Requirement ▸
The required answer is an exact copy of every line from the beginning of the entries through the line with "4月25日㈯・26日㈰は、Honda Cars 高知 一宮店へぜひご来店ください。", with all pictures omitted.

Extracted data ▸
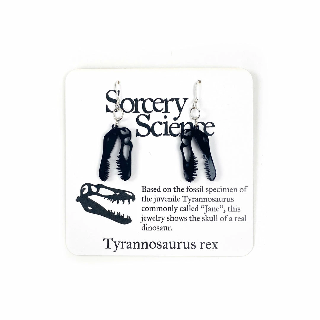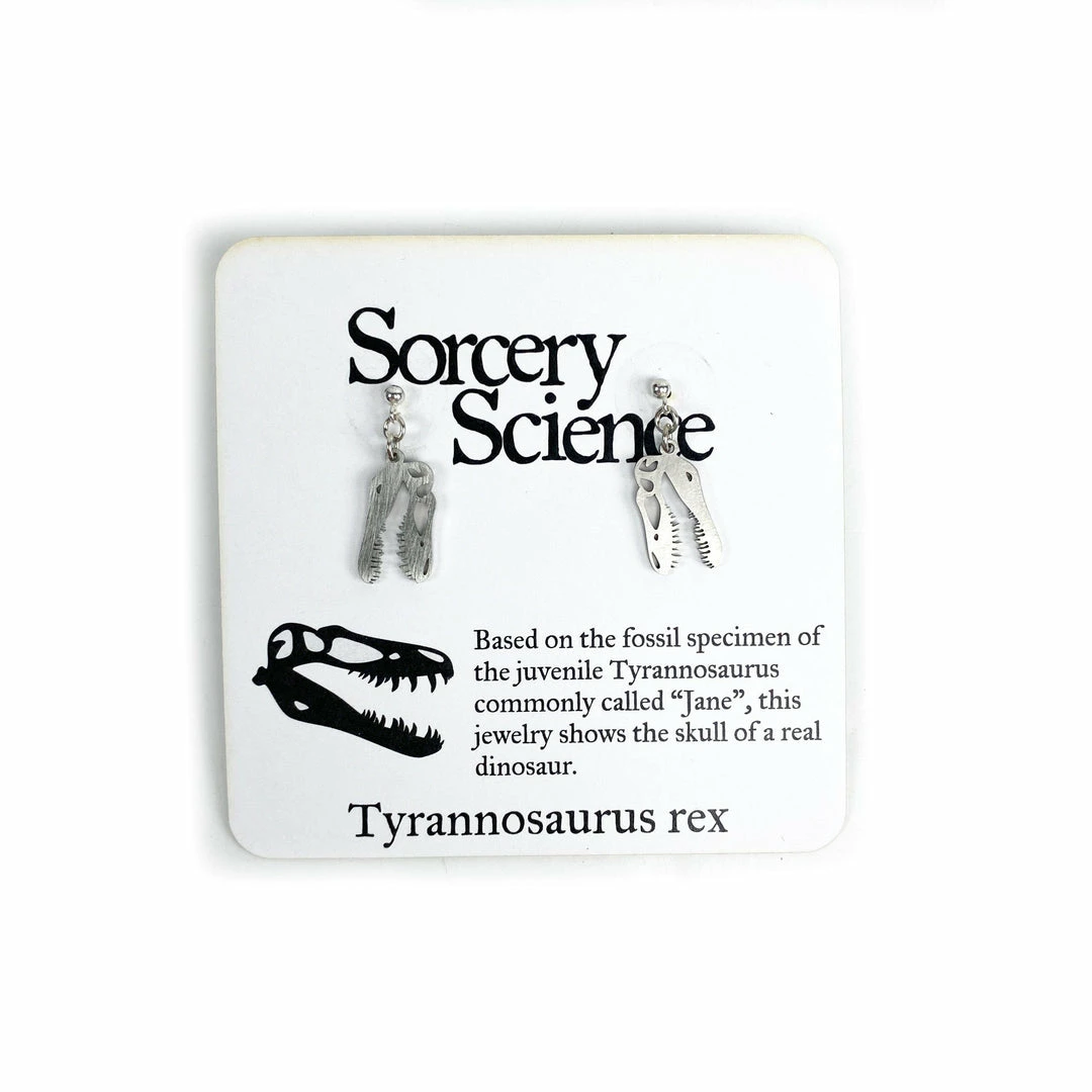 Show your love of dinosaurs with these sophisticated T Rex skull earrings! Based on the fossil specimen of the juvenile Tyrannosaurus commonly called “Jane”, this necklace is based on the skull of a real dinosaur fossil. The earrings are created from wood, not Dino bones…
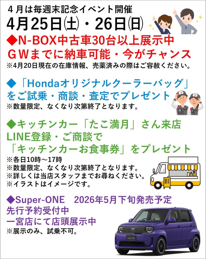 4月25日㈯・26日㈰は、Honda Cars 高知 一宮店へぜひご来店ください。
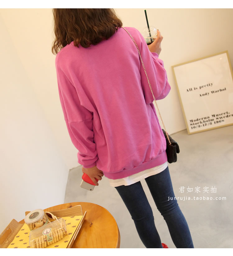 君如家原創自制! 這款玫粉色 衛衣讓人眼前一亮,特別提升心情! 目前有 春季純棉無絨款 和 冬季加絨加厚版兩個版本 冬季加絨加厚版里面加了一層薄棉里襯可以防止掉絨,同時更加親膚 不會產生靜電等~ 面料表層是純棉的不會起球,質感親柔。 君如家重品質,特別是孕婦產品我們非常重視產品的環保舒適度。 做了三個尺碼,胖瘦都可以穿,孕婦非孕婦都可以穿。 衣長70CM左右 可蓋過屁股 孕婦穿也不短的 這款版型是蝙蝠袖的,所以大家尺碼參考腹圍吧,大家按尺碼表推薦體重購買就可以。 下圖為君如家模特100%實拍,模特身高1.70米 體重90斤 穿的L號寬松效果。 這款不是假2件 里面白色的T是不附帶的, 大家可以單獨到這個連接買白色長袖T https://item.taobao.com/item.htm?id=538121101583
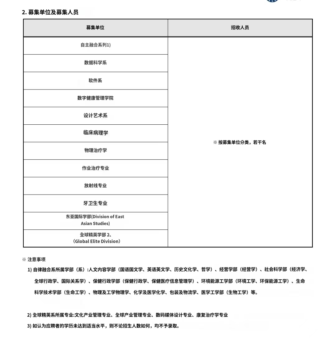 (以下医学等10个专业须达到韩国语要求,东亚国际部英语授课,精英学部4个专业可无语言入学,大一以韩语学习为主)
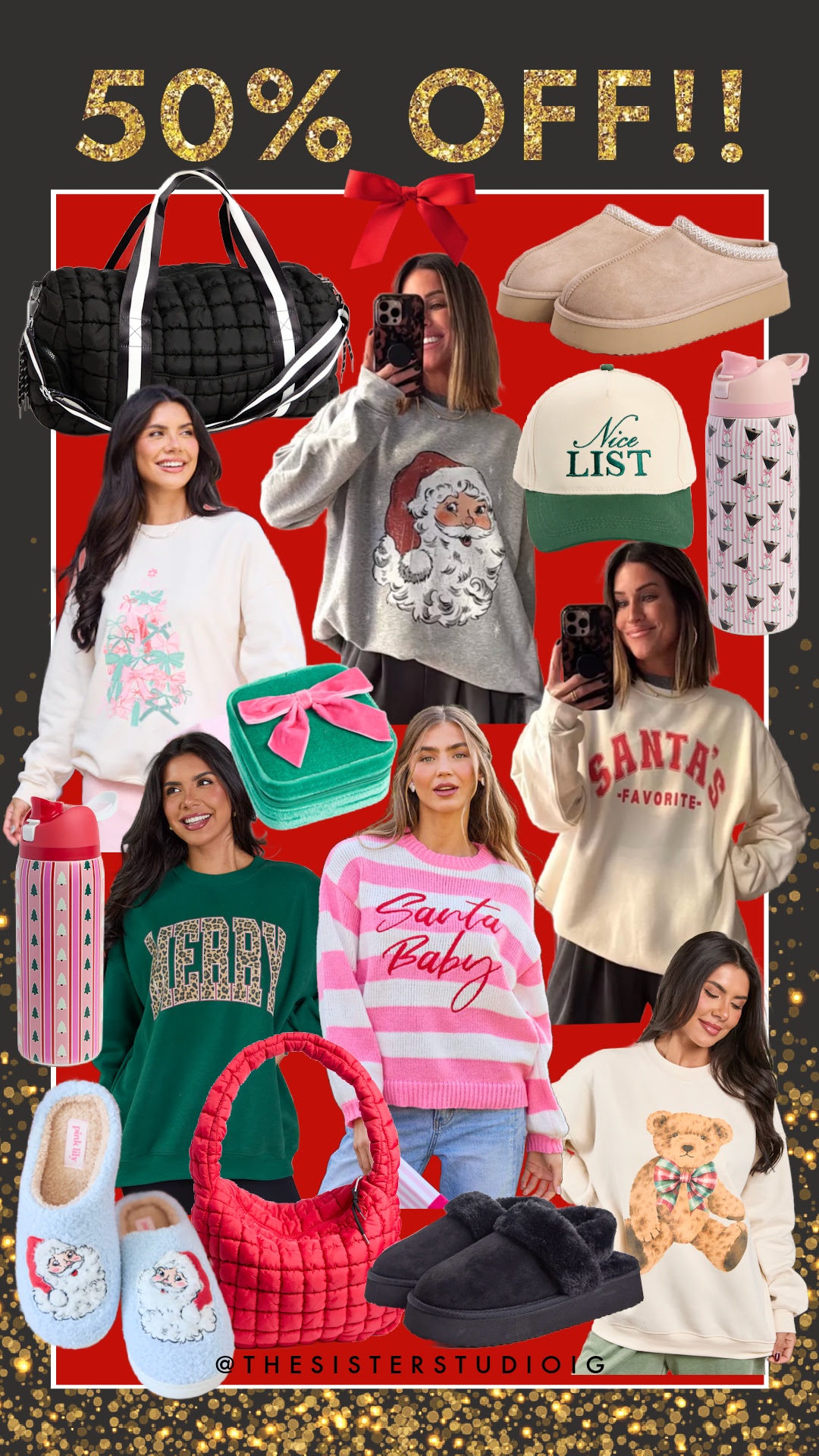 Black Quilted Duffle Bag // Bow Tree Cream Sweatshirt // Slippers // Red Quilted Carry All Bag // Black Slingback Platform Slippers // Teddy Bear Sweatshirt // Santa Baby Sweater//Merry Sweatshirt //Santa’s Favorite Sweatshirt // Trucker Hat // Santa Face Sweatshirt// Water Bottle// Slippers // Jewelry Box // Blanket

Task answer ▸
 Show your love of dinosaurs with these sophisticated T Rex skull earrings! Based on the fossil specimen of the juvenile Tyrannosaurus commonly called “Jane”, this necklace is based on the skull of a real dinosaur fossil. The earrings are created from wood, not Dino bones…
 4月25日㈯・26日㈰は、Honda Cars 高知 一宮店へぜひご来店ください。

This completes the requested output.